[PROBLEM STATEMENT]: In the material below, find the line with "廣告加工行業是UV打印機一塊" and the line with "лето 6526. Поиде". Output exactly those two lines and all lines between them, leaving out pictures.

[PROVIDED INFORMATION]:
——————

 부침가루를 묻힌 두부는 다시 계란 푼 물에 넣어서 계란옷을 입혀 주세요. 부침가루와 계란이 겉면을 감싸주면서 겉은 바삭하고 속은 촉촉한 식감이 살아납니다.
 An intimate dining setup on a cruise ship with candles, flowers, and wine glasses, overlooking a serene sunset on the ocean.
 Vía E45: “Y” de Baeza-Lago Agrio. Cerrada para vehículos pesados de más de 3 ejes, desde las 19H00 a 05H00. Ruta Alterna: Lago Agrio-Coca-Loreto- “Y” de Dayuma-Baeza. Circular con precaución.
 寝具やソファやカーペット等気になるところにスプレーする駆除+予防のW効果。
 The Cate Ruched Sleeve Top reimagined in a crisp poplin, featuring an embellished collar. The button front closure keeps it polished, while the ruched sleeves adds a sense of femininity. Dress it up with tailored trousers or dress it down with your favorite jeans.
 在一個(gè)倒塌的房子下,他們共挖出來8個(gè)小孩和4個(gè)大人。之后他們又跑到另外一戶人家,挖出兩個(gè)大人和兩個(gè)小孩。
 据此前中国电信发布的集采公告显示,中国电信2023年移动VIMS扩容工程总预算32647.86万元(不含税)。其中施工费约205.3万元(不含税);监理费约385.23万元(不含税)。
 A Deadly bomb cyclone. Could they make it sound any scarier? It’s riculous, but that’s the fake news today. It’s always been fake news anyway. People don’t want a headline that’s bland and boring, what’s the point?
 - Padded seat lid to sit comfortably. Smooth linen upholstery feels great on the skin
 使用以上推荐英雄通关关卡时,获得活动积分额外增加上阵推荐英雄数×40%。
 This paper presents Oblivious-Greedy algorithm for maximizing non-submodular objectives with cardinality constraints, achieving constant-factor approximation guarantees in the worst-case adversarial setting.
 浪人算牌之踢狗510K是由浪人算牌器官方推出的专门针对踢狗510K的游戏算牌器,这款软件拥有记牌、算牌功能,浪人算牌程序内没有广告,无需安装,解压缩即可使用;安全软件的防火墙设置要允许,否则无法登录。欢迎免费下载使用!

——————

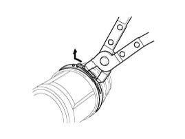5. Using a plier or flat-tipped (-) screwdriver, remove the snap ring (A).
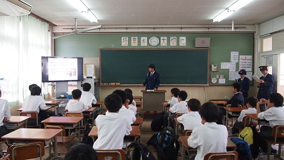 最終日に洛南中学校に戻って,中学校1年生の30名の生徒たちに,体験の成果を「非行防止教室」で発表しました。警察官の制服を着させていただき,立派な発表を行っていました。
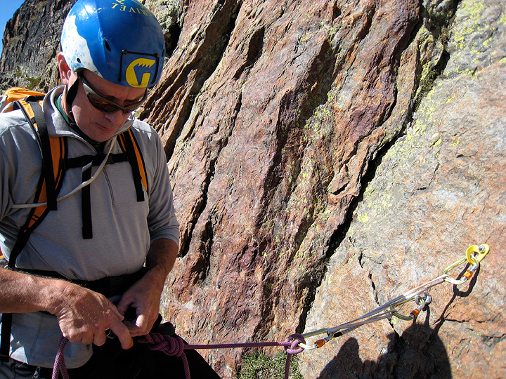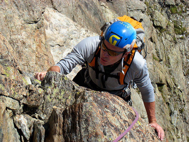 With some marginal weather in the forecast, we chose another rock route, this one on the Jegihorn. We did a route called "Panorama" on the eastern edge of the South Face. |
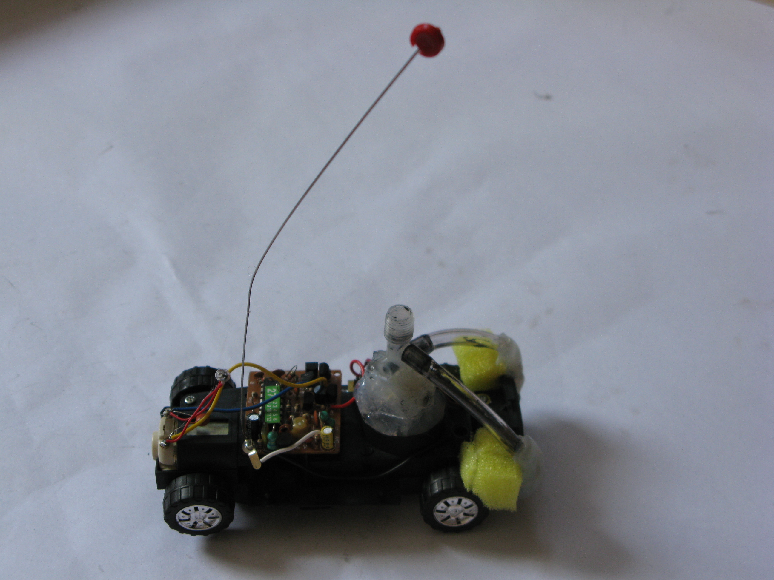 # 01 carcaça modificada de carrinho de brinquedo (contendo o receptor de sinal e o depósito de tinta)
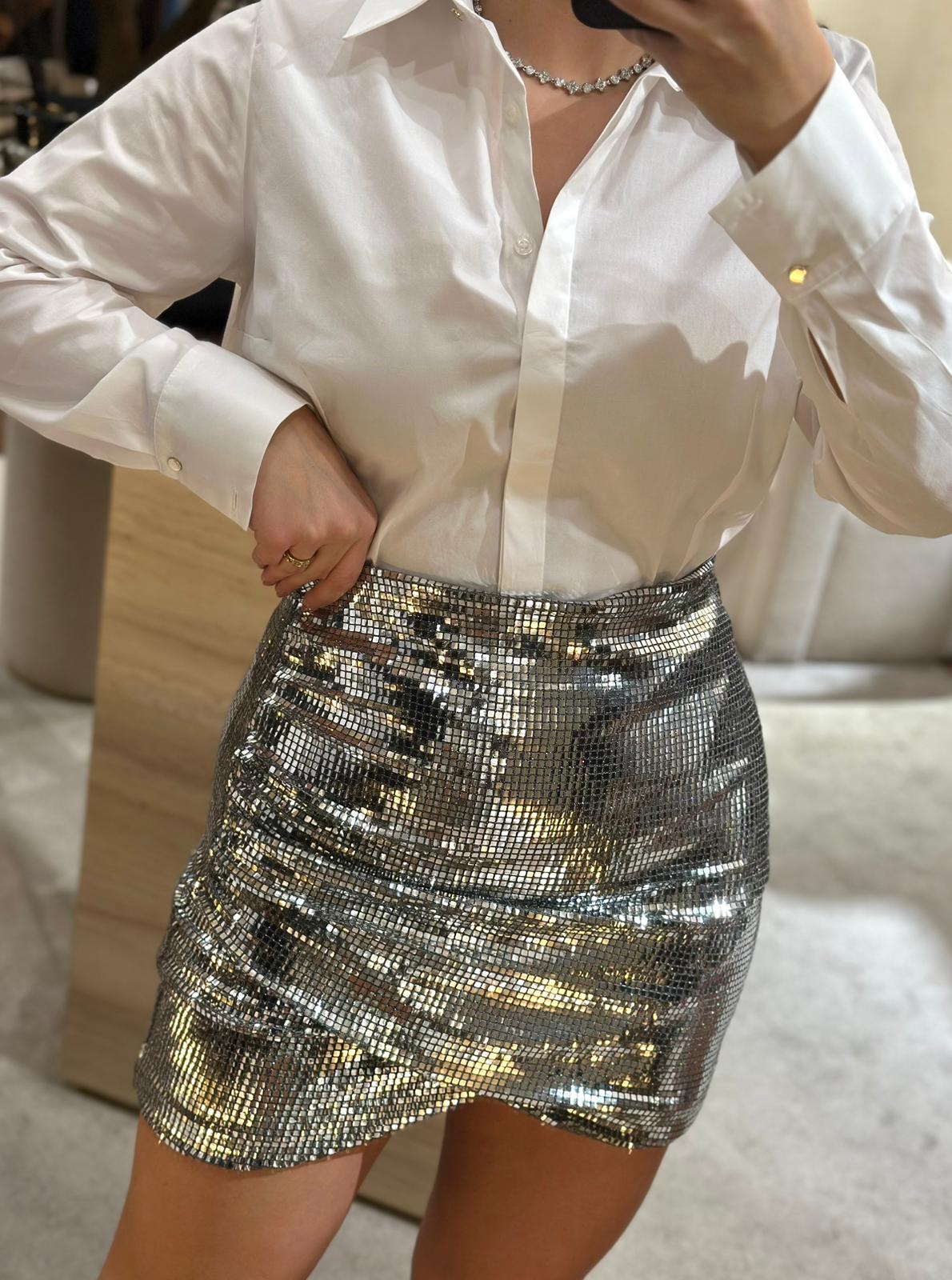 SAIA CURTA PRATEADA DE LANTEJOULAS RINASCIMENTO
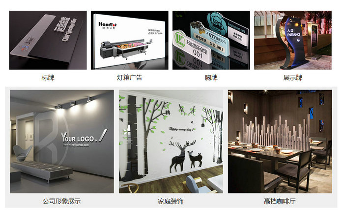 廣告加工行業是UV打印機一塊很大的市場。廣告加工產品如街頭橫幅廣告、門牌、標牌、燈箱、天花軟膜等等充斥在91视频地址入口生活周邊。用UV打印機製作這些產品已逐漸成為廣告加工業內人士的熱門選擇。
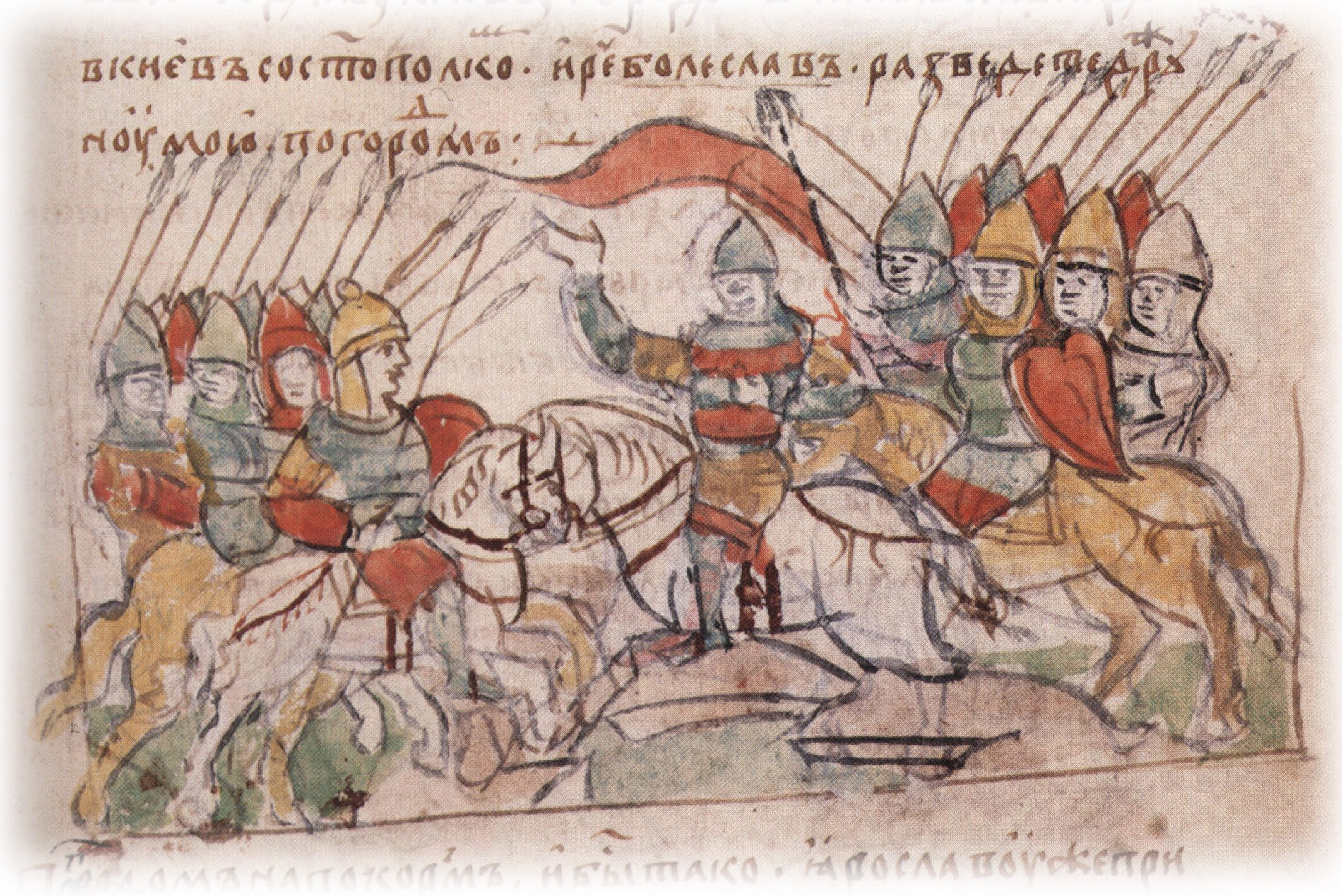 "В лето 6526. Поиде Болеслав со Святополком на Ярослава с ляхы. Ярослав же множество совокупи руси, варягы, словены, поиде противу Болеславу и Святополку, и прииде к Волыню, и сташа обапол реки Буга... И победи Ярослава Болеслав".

——————

[EXERCISE OUTPUT]:
 廣告加工行業是UV打印機一塊很大的市場。廣告加工產品如街頭橫幅廣告、門牌、標牌、燈箱、天花軟膜等等充斥在91视频地址入口生活周邊。用UV打印機製作這些產品已逐漸成為廣告加工業內人士的熱門選擇。
 "В лето 6526. Поиде Болеслав со Святополком на Ярослава с ляхы. Ярослав же множество совокупи руси, варягы, словены, поиде противу Болеславу и Святополку, и прииде к Волыню, и сташа обапол реки Буга... И победи Ярослава Болеслав".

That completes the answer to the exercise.